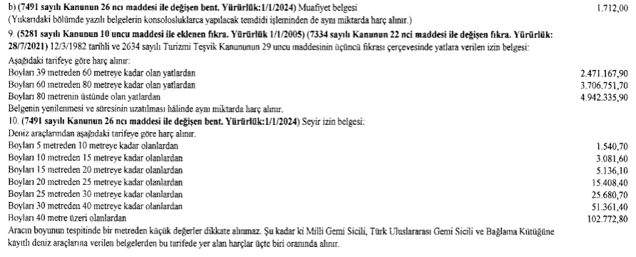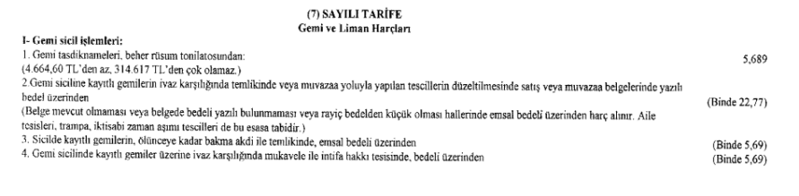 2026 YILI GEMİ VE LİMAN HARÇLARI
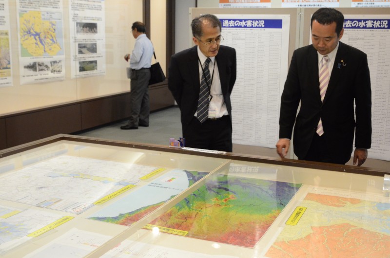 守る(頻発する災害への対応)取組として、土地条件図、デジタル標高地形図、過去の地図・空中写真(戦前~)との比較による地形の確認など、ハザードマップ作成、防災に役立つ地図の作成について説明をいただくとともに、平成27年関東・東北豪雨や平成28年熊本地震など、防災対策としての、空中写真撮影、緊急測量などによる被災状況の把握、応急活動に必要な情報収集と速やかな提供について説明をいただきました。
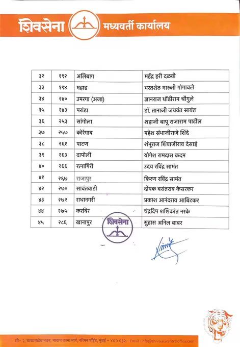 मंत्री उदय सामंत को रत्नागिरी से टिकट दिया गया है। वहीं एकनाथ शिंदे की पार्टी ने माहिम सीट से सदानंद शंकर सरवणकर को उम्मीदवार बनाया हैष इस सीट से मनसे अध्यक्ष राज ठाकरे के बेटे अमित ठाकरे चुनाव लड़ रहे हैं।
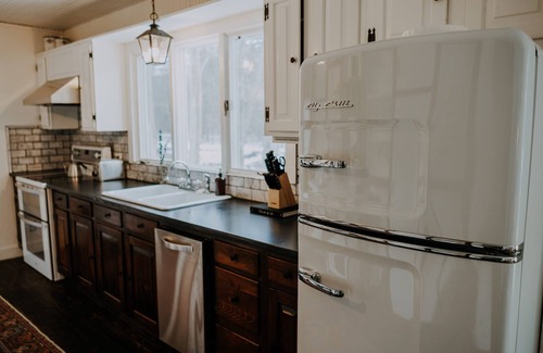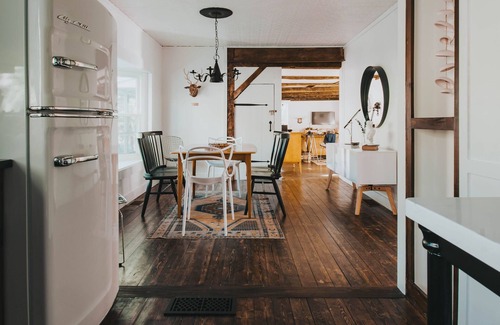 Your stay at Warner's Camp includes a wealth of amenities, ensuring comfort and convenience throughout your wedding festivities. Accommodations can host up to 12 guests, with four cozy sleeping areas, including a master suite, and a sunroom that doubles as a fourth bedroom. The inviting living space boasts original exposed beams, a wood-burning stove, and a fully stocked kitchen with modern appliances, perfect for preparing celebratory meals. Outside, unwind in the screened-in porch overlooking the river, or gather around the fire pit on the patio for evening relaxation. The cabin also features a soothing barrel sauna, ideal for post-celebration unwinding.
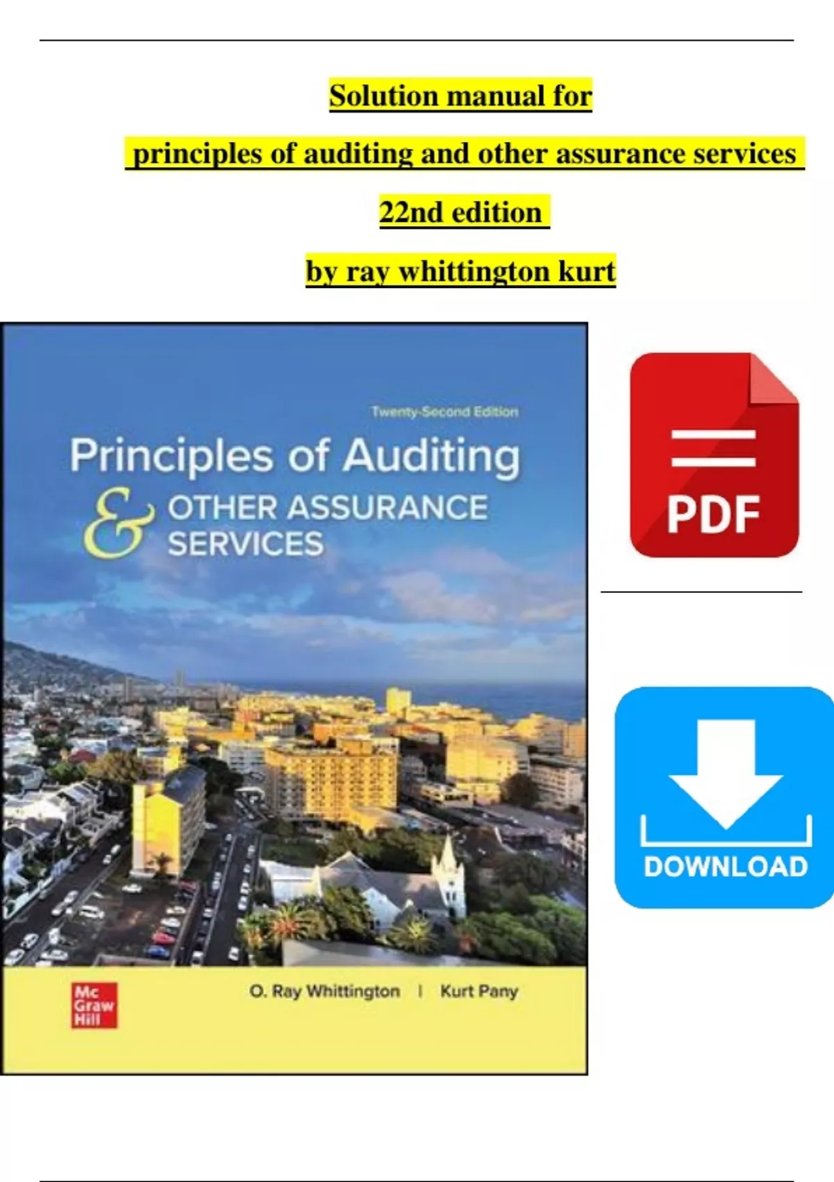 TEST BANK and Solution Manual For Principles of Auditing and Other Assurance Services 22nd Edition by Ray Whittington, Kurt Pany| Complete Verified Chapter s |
_ _ _ _ _ _ _
▶ **What you have to do**: A faithful copy is needed of the lines from the one containing "मंत्री उदय सामंत" through the last line of the data above, with pictures left out.

▶ **Completed task**:
 मंत्री उदय सामंत को रत्नागिरी से टिकट दिया गया है। वहीं एकनाथ शिंदे की पार्टी ने माहिम सीट से सदानंद शंकर सरवणकर को उम्मीदवार बनाया हैष इस सीट से मनसे अध्यक्ष राज ठाकरे के बेटे अमित ठाकरे चुनाव लड़ रहे हैं।
 Your stay at Warner's Camp includes a wealth of amenities, ensuring comfort and convenience throughout your wedding festivities. Accommodations can host up to 12 guests, with four cozy sleeping areas, including a master suite, and a sunroom that doubles as a fourth bedroom. The inviting living space boasts original exposed beams, a wood-burning stove, and a fully stocked kitchen with modern appliances, perfect for preparing celebratory meals. Outside, unwind in the screened-in porch overlooking the river, or gather around the fire pit on the patio for evening relaxation. The cabin also features a soothing barrel sauna, ideal for post-celebration unwinding.
 TEST BANK and Solution Manual For Principles of Auditing and Other Assurance Services 22nd Edition by Ray Whittington, Kurt Pany| Complete Verified Chapter s |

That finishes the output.